The Federal Reserve announced Wednesday it will raise its benchmark interest rate by 0.25 percent — the first hike in nearly a decade.

The Federal Reserve on Wednesday raised its key interest rate for the first time in nearly a decade, expressing confidence that the economy has recovered sufficiently from last decade's severe recession to withstand higher lending costs.

All the same, Fed Chair Janet Yellen said the central bank's 0.25 percent hike in its federal funds rate — the percentage that banks charge one another for short-term loans — will be followed only by "gradual adjustments" that can be slowed if economic activity doesn't continue to "expand at a moderate pace."

She also said that while risks to continued economic growth still exist, "these risks appear to have lessened since last summer," when turmoil in China's stock markets rippled across the Pacific.

Two areas that Yellen expressed concern over were the labor market and inflation, which has stayed well below the Fed's 2.0 percent annual target.

"The labor force participation rate is still below estimates of its demographic trend," she said. "Involuntary part time employment remains somewhat elevated. And wage growth has yet to show a sustained pickup."
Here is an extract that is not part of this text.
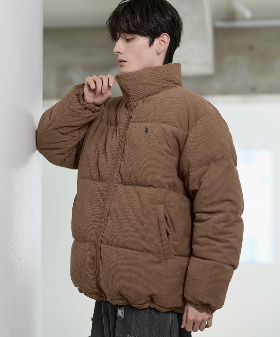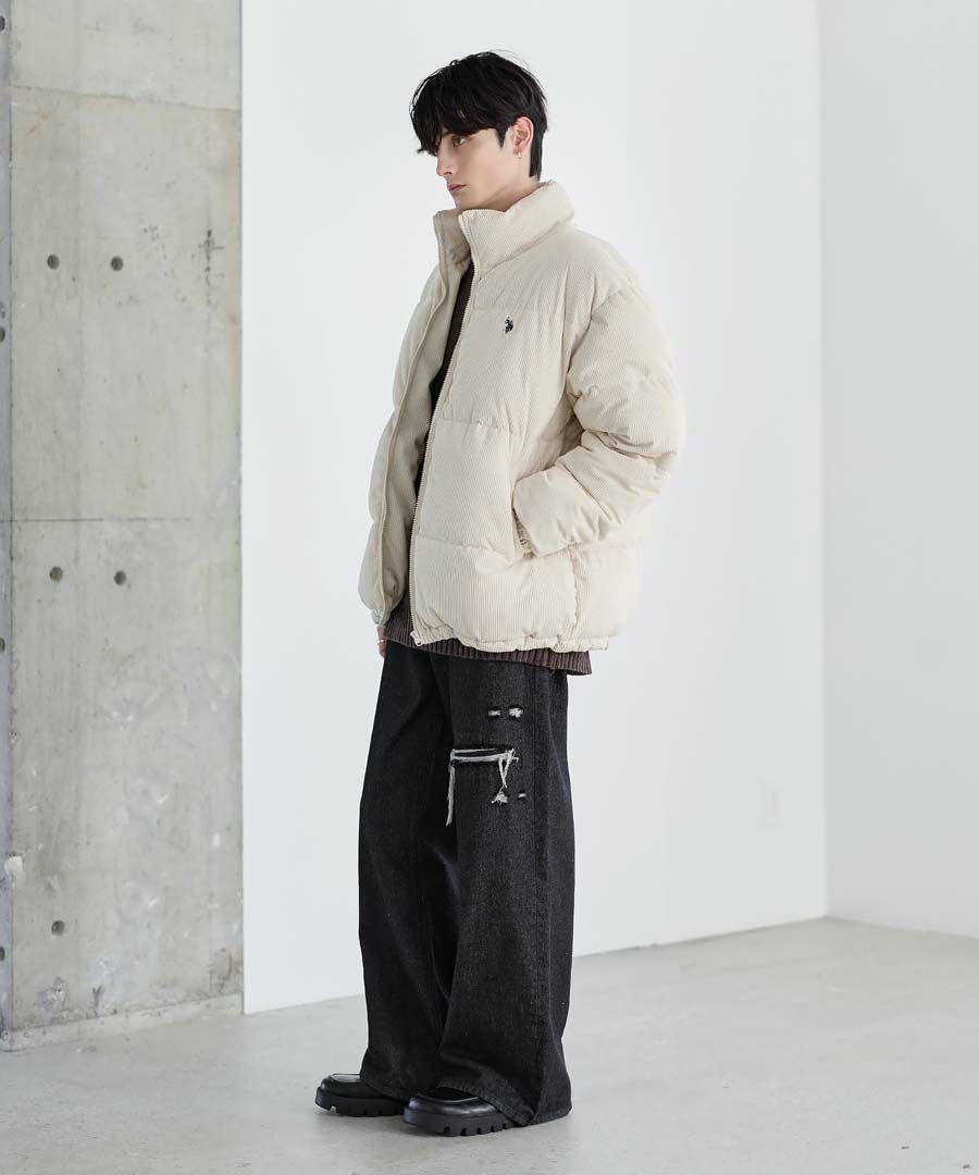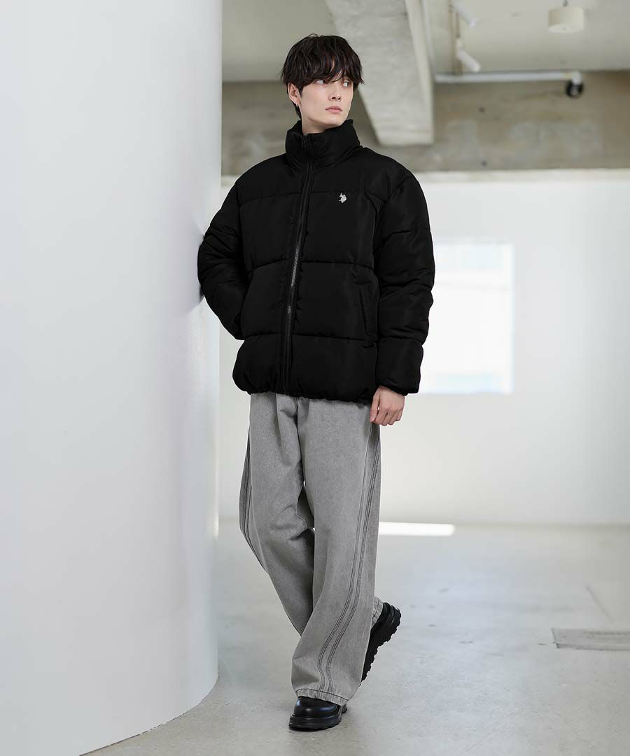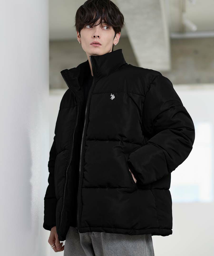 U.S.POLO ASSN. ハイネックボリューム中綿スタンドネックブルゾン タフタ/コーデュロイ

On inflation, she said that the expected increase in prices was being held down by factors such as low gas prices that "we expect will diminish over time."

The rate hike will affect consumers on numerous fronts, ranging from interest rates on credit cards and mortgages to the returns on investments and savings accounts, but experts say the impacts will be modest to begin with.

Investors' immediate reaction to the Fed's announcement, which was widely anticipated, was muted. Stocks moved slightly up.

The bond market didn't' react much. The yield on the 10-year Treasury note held steady at 2.27 percent.

The move by the Fed's Open Market Committee to lift its key rate by a quarter-point -- to a range of 0.25 percent to 0.5 percent -- is the first increase since the panel pushed the key rate to 5.25 percent on June 29, 2006. In a succession of moves necessitated by the financial crisis and the Great Recession that officially ended in mid-2009, the committee took the rate to zero exactly seven years ago, on Dec. 16, 2008.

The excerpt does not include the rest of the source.